Mango Coconut Smoothie Bowl

This smoothie bowl combines mango protein shake with coconut for a tropical breakfast that's both delicious and nutritious.

Ingredients
  • 1 cup Low-Calorie Mango Protein Shake
  • 1/2 cup coconut yogurt
  • 1/4 cup shredded coconut
  • 1/2 banana, sliced
  • 1 tablespoon pumpkin seeds
Instructions
  1. 1. Blend the mango protein shake and coconut yogurt until smooth.
  2. 2. Pour into a bowl and top with shredded coconut, banana slices, and pumpkin seeds.
  3. 3. Enjoy with a spoon for a satisfying meal.

Mango Berry Protein Popsicles

These refreshing popsicles are made with mango protein shake and berries, making them a perfect healthy treat for hot days.

Ingredients
  • 1 cup Low-Calorie Mango Protein Shake
  • 1/2 cup mixed berries
  • 1 tablespoon honey
Instructions
  1. 1. In a blender, combine the mango protein shake, mixed berries, and honey.
  2. 2. Pour the mixture into popsicle molds and freeze for at least 4 hours.
  3. 3. Remove from molds and enjoy a cool treat.

Mango Protein Overnight Oats

A quick and easy breakfast option, these overnight oats are infused with mango protein shake for a delicious start to your day.

Ingredients
  • 1 cup Low-Calorie Mango Protein Shake
  • 1/2 cup rolled oats
  • 1 tablespoon flaxseeds
  • 1/2 apple, diced
  • Cinnamon to taste
Instructions
  1. 1. In a jar, combine the mango protein shake, rolled oats, flaxseeds, diced apple, and cinnamon.
  2. 2. Mix well and refrigerate overnight.
  3. 3. Enjoy cold in the morning.

Mango Protein Smoothie with Ginger

This invigorating smoothie combines mango protein shake with ginger for a spicy kick and digestive benefits.

Ingredients
  • 1 cup Low-Calorie Mango Protein Shake
  • 1 teaspoon fresh ginger, grated
  • 1/2 cup carrot juice
  • 1/2 cup ice
Instructions
  1. 1. Blend the mango protein shake, ginger, carrot juice, and ice until smooth.
  2. 2. Pour into a glass and enjoy immediately for a refreshing drink.
  3. 3. Garnish with a slice of ginger if desired.

Mango Avocado Salad Dressing

A creamy and healthy dressing made from mango protein shake and avocado, perfect for drizzling over salads.

Ingredients
  • 1/2 cup Low-Calorie Mango Protein Shake
  • 1/2 avocado
  • 1 tablespoon lime juice
  • Salt and pepper to taste
Instructions
  1. 1. In a blender, combine the mango protein shake, avocado, lime juice, salt, and pepper.
  2. 2. Blend until smooth and creamy.
  3. 3. Use as a dressing over your favorite salad.

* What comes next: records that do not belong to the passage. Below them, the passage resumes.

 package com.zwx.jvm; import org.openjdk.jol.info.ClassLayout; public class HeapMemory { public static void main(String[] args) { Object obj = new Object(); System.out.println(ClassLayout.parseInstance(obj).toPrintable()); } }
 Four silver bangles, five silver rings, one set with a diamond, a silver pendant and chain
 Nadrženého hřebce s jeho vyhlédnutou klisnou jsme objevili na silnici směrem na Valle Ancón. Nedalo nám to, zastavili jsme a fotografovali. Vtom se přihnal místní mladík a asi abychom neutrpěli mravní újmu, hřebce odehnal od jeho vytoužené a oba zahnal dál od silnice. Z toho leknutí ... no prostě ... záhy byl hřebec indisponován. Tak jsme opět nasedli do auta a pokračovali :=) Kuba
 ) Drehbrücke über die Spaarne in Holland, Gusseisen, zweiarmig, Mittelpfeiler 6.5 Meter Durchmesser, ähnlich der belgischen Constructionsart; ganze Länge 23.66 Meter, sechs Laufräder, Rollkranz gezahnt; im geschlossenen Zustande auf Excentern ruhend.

Mango Protein Energy Bites

These no-bake energy bites are made with mango protein shake and oats, perfect for a quick snack on the go.

Ingredients
  • 1 cup Low-Calorie Mango Protein Shake
  • 1 cup rolled oats
  • 1/4 cup almond butter
  • 1/4 cup honey
  • 1/4 cup chopped nuts
Instructions
  1. 1. In a bowl, mix the mango protein shake, rolled oats, almond butter, honey, and chopped nuts.
  2. 2. Form into small balls and place on a baking sheet.
  3. 3. Refrigerate for 30 minutes before enjoying.

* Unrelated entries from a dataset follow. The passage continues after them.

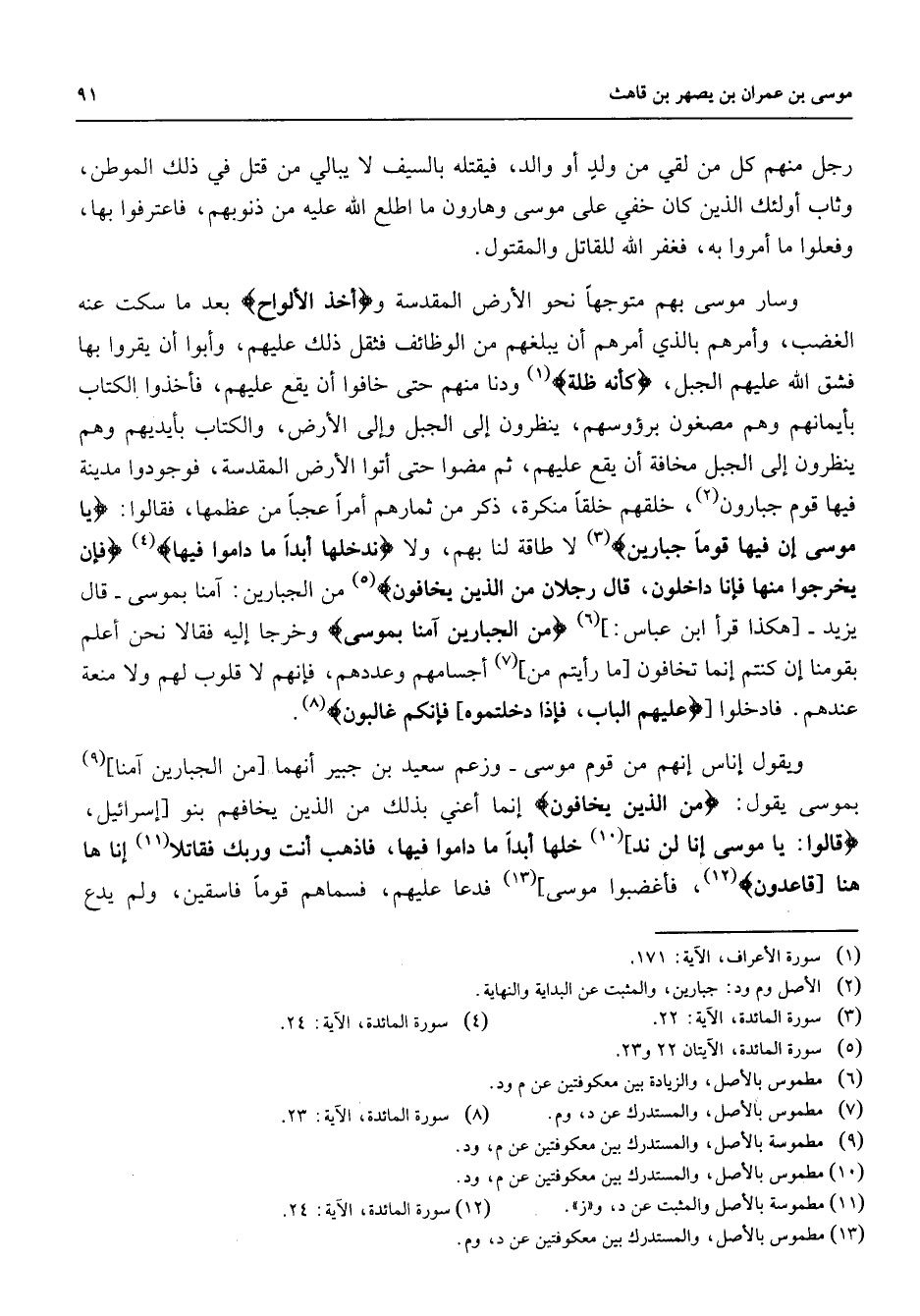 رجل منهم كل من لقي من ولد أو والد فيقتله بالسيف لا يبالي من قتل في ذلك الموطن وثاب أولئك الذين كان خفي على موسى وهارون ما اطلع الله عليه من ذنوبهم فاعترفوا بها وفعلوا ما أمروا به فغفر الله للقاتل والمقتول وسار موسى بهم متوجها نحو الأرض المقدسة و " أخذ الألواح " بعد ما سكت عنه الغضب وأمرهم بالذي أمرهم أن يبلغهم من الوظائف فثقل ذلك عليهم وأبوا أن يقروا بها فشق الله عليهم الجبل " كأنه ظلة " (1) ودنا منهم حتى خافوا أن يقع عليهم فأخذوا الكتاب بأيمانهم وهم مصغون برؤوسهم ينظرون إلى الجبل وإلى الأرض والكتاب بأيديهم وهم ينظرون إلى الجبل مخافة أن يقع عليهم ثم مضوا حتى أتوا الأرض المقدسة فوجدوا مدينة فيها قوم جبارون (2) خلقهم خلقا منكرة ذكر من ثمارهم أمرا عجبا من عظمها فقالوا " يا موسى إن فيها قوما جبارين " (3) لا طاقة لنا بهم ولا " ندخلها أبدا ما داموا فيها " (4) " فإن يخرجوا منها فإنا داخلون قال رجلان من الذين يخافون " (5) من الجبارين آمنا بموسى قال يزيد هكذا قرأ ابن عباس (6) " من الجبارين آمنا بموسى " وخرجا إليه فقالا نحن أعلم بقومنا إن كنتم إنما تخافون ما رأيتم من (7) أجسامهم وعددهم فإنهم لا قلوب لهم ولا منعة عندهم فادخلوا " عليهم الباب فإذا دخلتموه فإنكم غالبون " (8) ويقول إناس إنهم من قوم موسى وزعم سعيد بن جبير أنهما من الجبارين آمنا (9) ى يقول " من الذين يخافون " إنما أعني بذلك من الذين يخافهم بنو إسرائيل " قالوا يا موسى إنا لن (10) ندخلها أبدا ما داموا فيها فاذهب أنت وربك فقاتلا (11) إنا ها هنا قاعدون " (12) فأغضبوا موسى (13) فدعا عليهم فسماهم قوما فاسقين ولم يدع
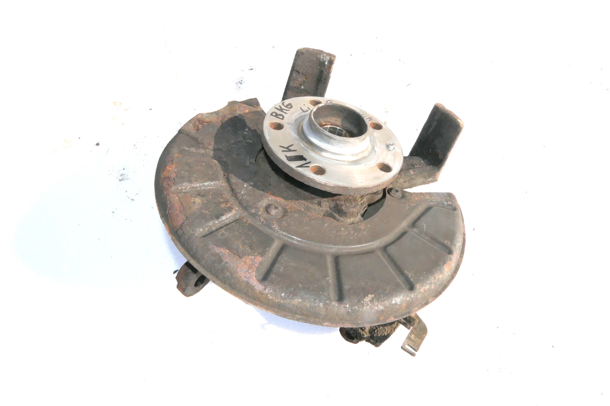 Angeboten wird ein Achsschenkel aus einem VW Golf 5 1,4 16V BUD Motor Bj. 2004.
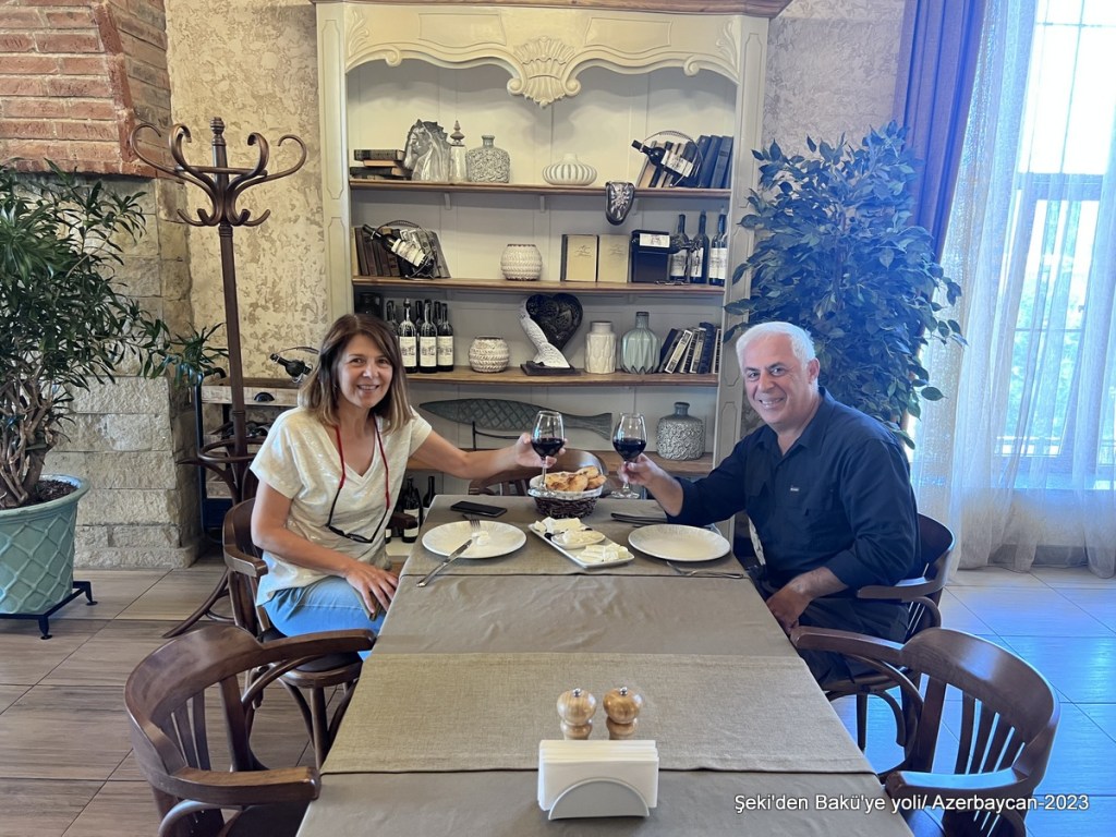 Bu tesiste yöreye ait bağlardan çeşitli şarap örneklerini denemek şansımız oldu. Her şarap bardağı tadımı ücretli. Hanım bir tane seçti, ben bir tane seçtim. Bir masaya oturduk ve güzel bir peynir tabağı eşliğinde şaraplarımızı yudumladık. Bu aslında güzel geçen Azerbaycan gezimizin baş başa kutlaması da oldu. Mekan çok güzel. Şarapları ise benim damağımın tadı değil. Aslında Azerbaycan’da şarapçılığın milattan önce 2000’li yıllara giden geçmişi mevcut. Dağlık Karabağ, Nahçıvan, Gence ve Şamahı önemli şarap üretim yerleri.
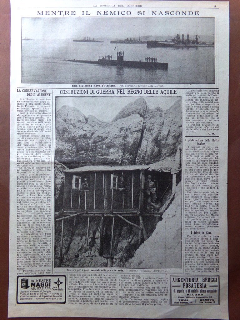 Pagine del 1915 WW1 Costruzioni Guerra Messa Natale Combattenti Alpini Alimenti

Frequently Asked Questions (FAQ)

Is this smoothie suitable for weight loss?

Yes, it is low in calories and high in nutrients, making it a great option for weight management.

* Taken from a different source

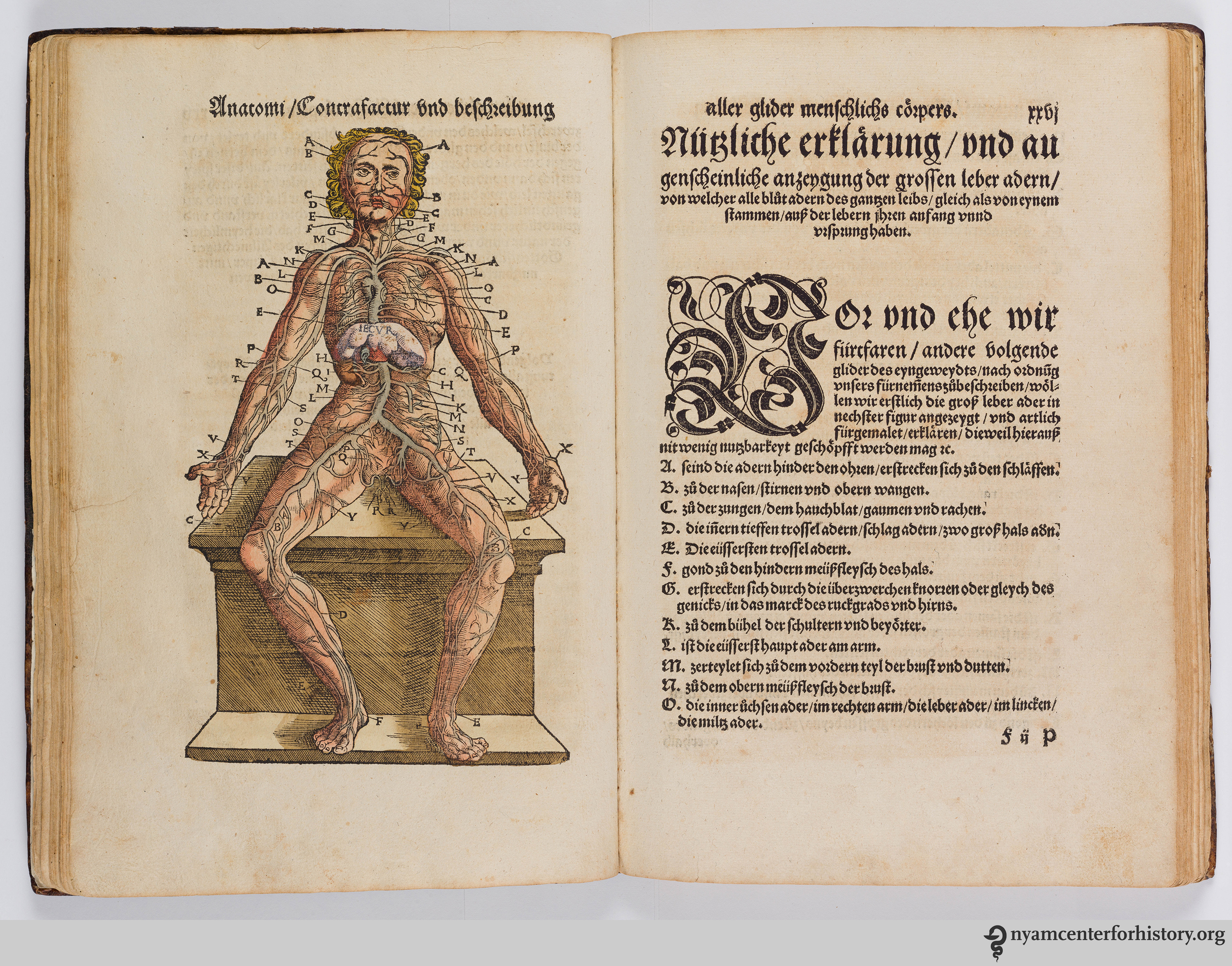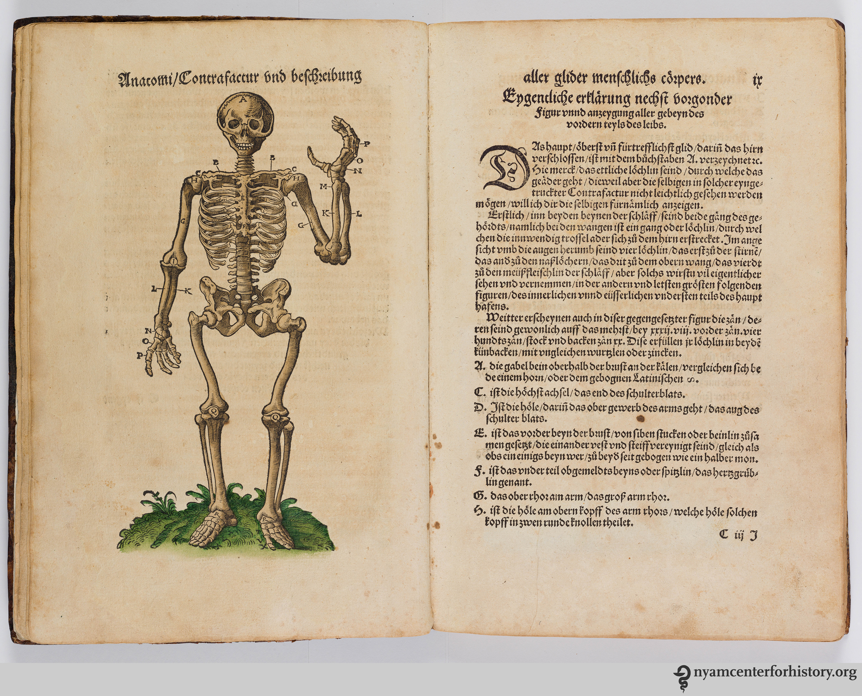 The Academy soon acquired two other copies of the 1543 Vesalius, one from the Edward Clark Streeter Collection and the other from Dr. Samuel Lambert, as well as two copies of the 1555 second edition. In fact, editions of Vesalius and related works soon became a major research strength of the collection, continue to be heavily used by readers, and are frequently shared with visiting groups and classes.

Can I use frozen mango for this smoothie?

Absolutely! Frozen mango can add a creamy texture and chill the smoothie.

What type of protein powder should I use?

You can use whey, plant-based, or any protein powder of your choice.

How can I make this smoothie vegan?

Use plant-based protein powder and a non-dairy milk alternative.

Can I add other fruits?

Yes, you can mix in other fruits like bananas or berries for added flavor and nutrients.

How long can I store this smoothie?

It is best consumed fresh, but can be stored in the fridge for up to 24 hours.

Is this smoothie high in sugar?

While it contains natural sugars from mango, it is low in added sugars.

Can I add greens to this smoothie?

Yes, adding spinach or kale can enhance the nutrient profile without altering the taste significantly.